#### [About this task]
Print nothing except the line holding "独特机制:剧毒魔药替代旋转球" and the lines that come after it in the material below, and leave the pictures out.

#### [Given records]
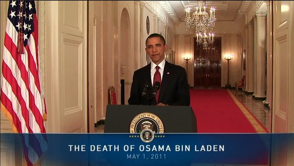 今晚,我可以向美国民众和全世界宣布,美国已经完成了消灭基地组织头目本-拉丹的行动,此人是屠杀数以千计无辜男女老少的恐怖分子。
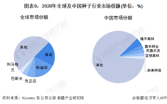 在市佔率方面,根據Kynetec統計的市場規模以及各公司公報數據,2020年,全球種子行業市場中,排名前幾位的公司依次為拜耳、科迪華、先正達集團、巴斯夫、Vilmorin,市場份額依次為20%、16.8%、6.9%、4%以及3.4%。
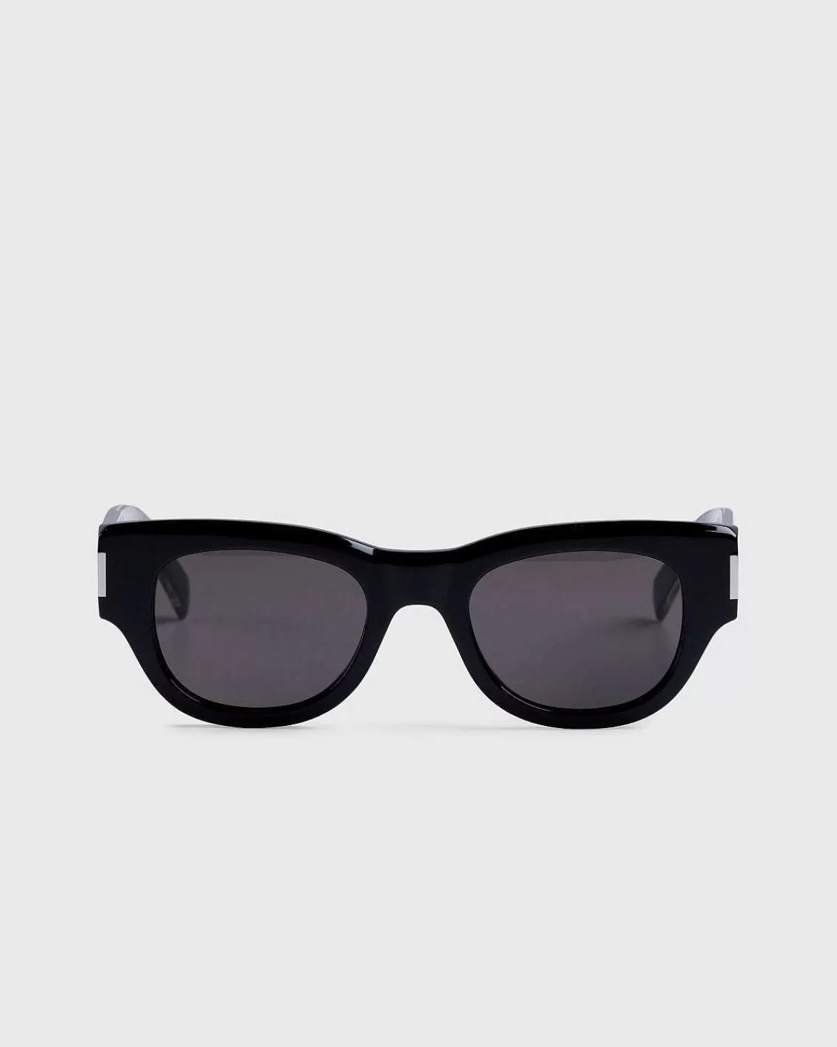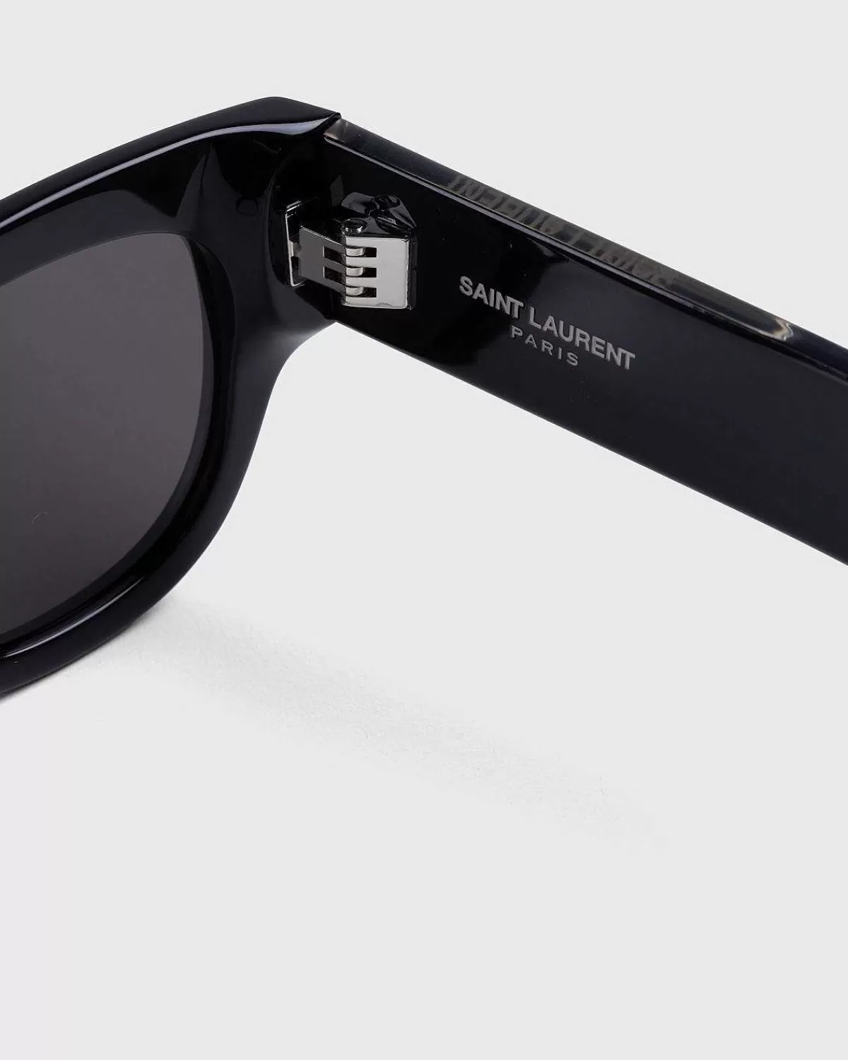 Dette Par Saint Laurent-Solbriller Er Et Tykt Katteøje-Stel, Der Ankommer Denne Sæson I En Snigende Sort/Krystal/Grå Gentagelse. Brillerne Er Lavet Af 100% Acetat Og Kombinerer Sorte Tonede Linser Med Et Sort Katteøje Stel, Da Parret Derefter Er Detaljeret Med Logogravering På Hver Arm.
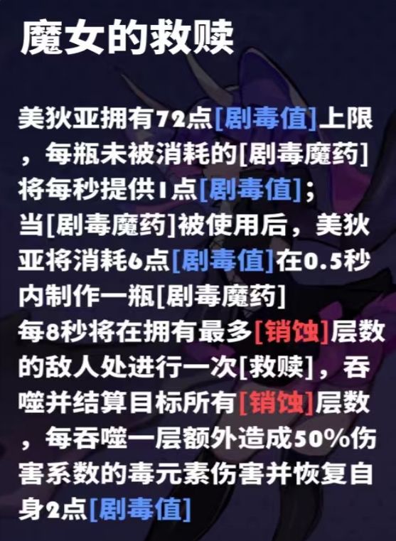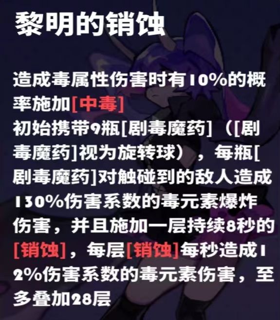 独特机制:剧毒魔药替代旋转球羁绊,初始携带9瓶剧毒魔药,消耗剧毒值可以生成剧毒魔药(6点剧毒为1瓶,且剧毒值上限为72),剧毒魔药具有索敌机制(部分关卡有无伤点位,挂机即可逃课)。造成伤害可以触发销蚀效果(增伤且8秒后会对单个造成一次【救赎】效果)
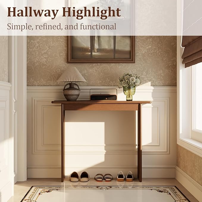 - Versatile Use: This walnut console table is ideal for holding keys, hats, vases, and more. Its slim profile makes it suitable for placement behind a sofa, under a window, or as a display for plants, scented candles, and other decorative items.

#### [Task solution]
 独特机制:剧毒魔药替代旋转球羁绊,初始携带9瓶剧毒魔药,消耗剧毒值可以生成剧毒魔药(6点剧毒为1瓶,且剧毒值上限为72),剧毒魔药具有索敌机制(部分关卡有无伤点位,挂机即可逃课)。造成伤害可以触发销蚀效果(增伤且8秒后会对单个造成一次【救赎】效果)
 - Versatile Use: This walnut console table is ideal for holding keys, hats, vases, and more. Its slim profile makes it suitable for placement behind a sofa, under a window, or as a display for plants, scented candles, and other decorative items.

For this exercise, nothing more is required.